ラグビー協会からの内容証明郵便

――本の中で「おっさん化」「オバハン化」は老若男女共通の病理であり、特徴として「上司や目上の人の前では平身低頭。しかし部下や下請けなど立場の弱い人間にはとにかく高圧的」「部下や若手からの提案に対しては『リスクが大きい』『誰が責任を取るのか』と否定から入る」「『アレオレ詐欺』の常習犯」など複数が挙げられています。

谷口 無自覚に「おっさんという病」に侵されている人も結構いると思う。まず気づいてもらった方がいいなと。びっくりしたのが、本を読んで「俺ってもしかしてこういうおっさんになってるかも?」と省みている人が周囲にも結構いたことですね。

 若い人や女性など、組織の中でやりづらさを感じている人の言語化にもつながればいいと思っています。

――本の中で何度か、嫉妬という言葉が“男へん”ではなく“女へん”であることに疑問を示されています。それほど「おっさん」からの圧が……。
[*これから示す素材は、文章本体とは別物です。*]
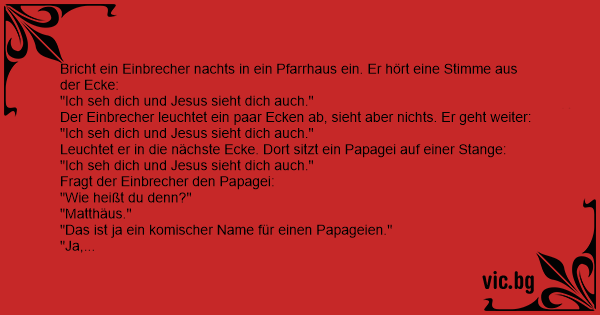 En innbruddstyv brøt seg inn i et hus, og hørte noen si: – Jesus ser deg. Tyven ga fra seg et stønn, og så seg rundt. Og så så han en papegøye i et bur, og så spurte tyven: – Hva heter du? – Moses,...
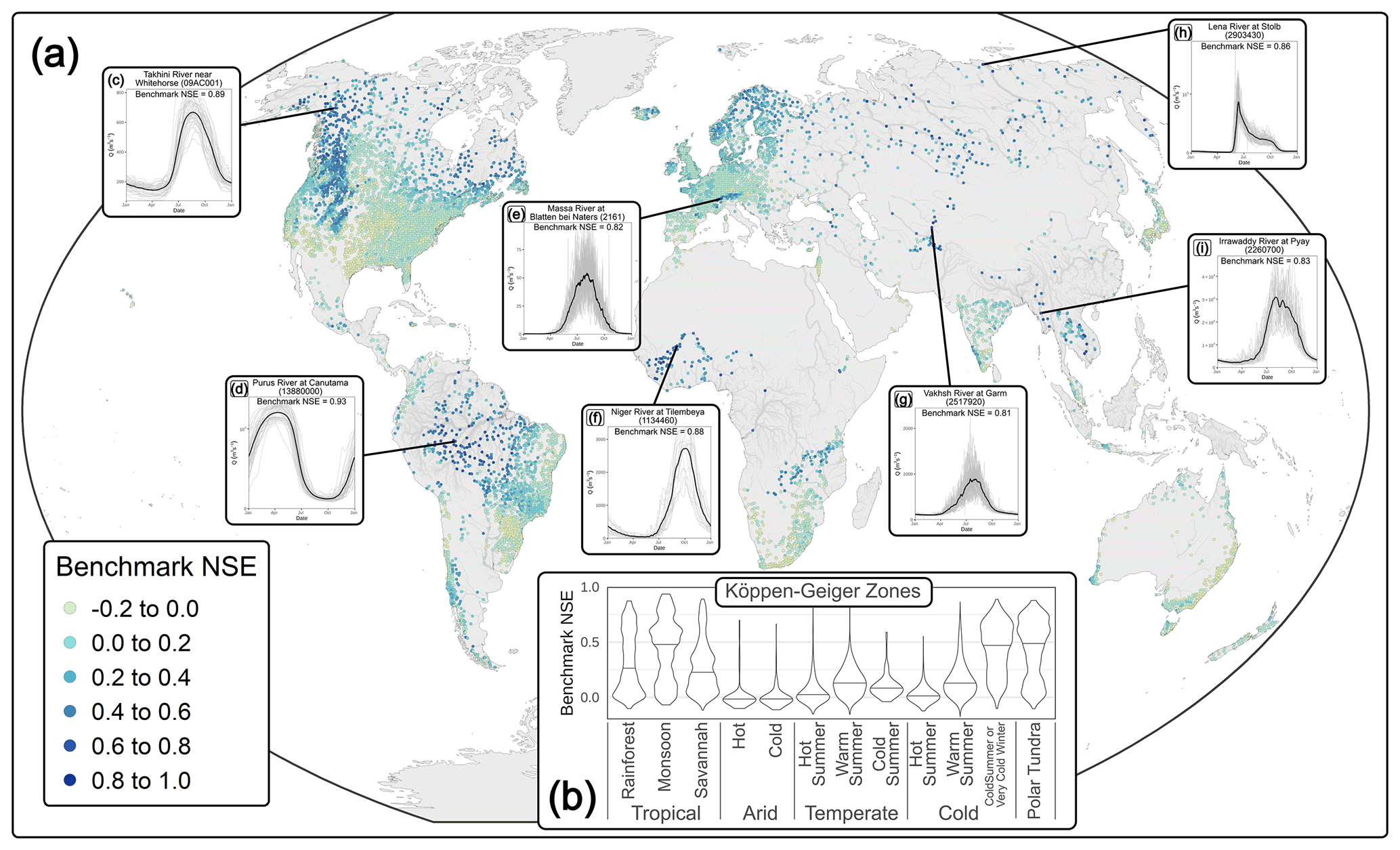 Figure 2(a) Climatological benchmark Nash–Sutcliffe Efficiencies for 20 338 catchments. To reduce overplotting, for panel (a) gauges have been aggregated to 1 per 2500 km2 using the median NSE. (b) Distribution of the climatological benchmark NSE by Köppen–Geiger climate zone. Cold (high alpine and polar) and tropical climates have high benchmark NSE values, often upwards of 0.5 and occasionally upwards of 0.8. (c–i) Annual hydrographs from catchments with very high benchmarks (BNSE > 0.8). The grey lines are individual years and the solid black line is the mean flow for each calendar day. The mapped river network is derived from HydroRIVERS v1.0 (Lehner and Grill, 2013).
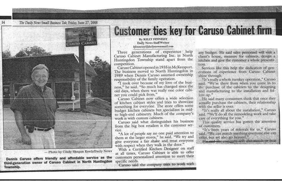 Today, Caruso Cabinet is owned and operated by Dennis Caruso, whose grandfather originally started the company in 1935 in McKeesport. His father took over the business from the 1950s through 1970s, and Dennis has been running it since the early 1980s.

谷口 新リーグの審査で、自分の家族と関わりのあるチームを優遇したかのようなうわさを流されまして。私は息子がラグビーをやっていて、その世界に入るかもしれないのに、冤罪(えんざい)、ぬれぎぬを着せられたままというのは許せんなと。

 自分さえ黙っていたらとか、立つ鳥跡を濁さずみたいな考え方もあると思うんですけれど、黙った方はなんらかの被害は受けるので。

――週刊誌の取材があっても、審査の詳細を外部には話さずにいた谷口さんが考えを変えたのは、ラグビー協会から「協会内で知り得た情報を口外すれば法的措置を含む断固たる措置を取る」と内容証明郵便が届いたからと、本書にはあります。

谷口 秘密保持契約というのは、ライバル会社への情報漏洩(ろうえい)などを防ぐためであり、自分たちが後ろめたいことを黙らせるために秘密保持契約を持ち出すのは、目的外だと思うんですよね。

 この本が出た後に「組織の中にいる間にやれよ」とコメントした人がいるけれど、中でも十分やってきた。けれど、みんながスーッと無視した状況で、どうしようもなかったんやっていうところはあります。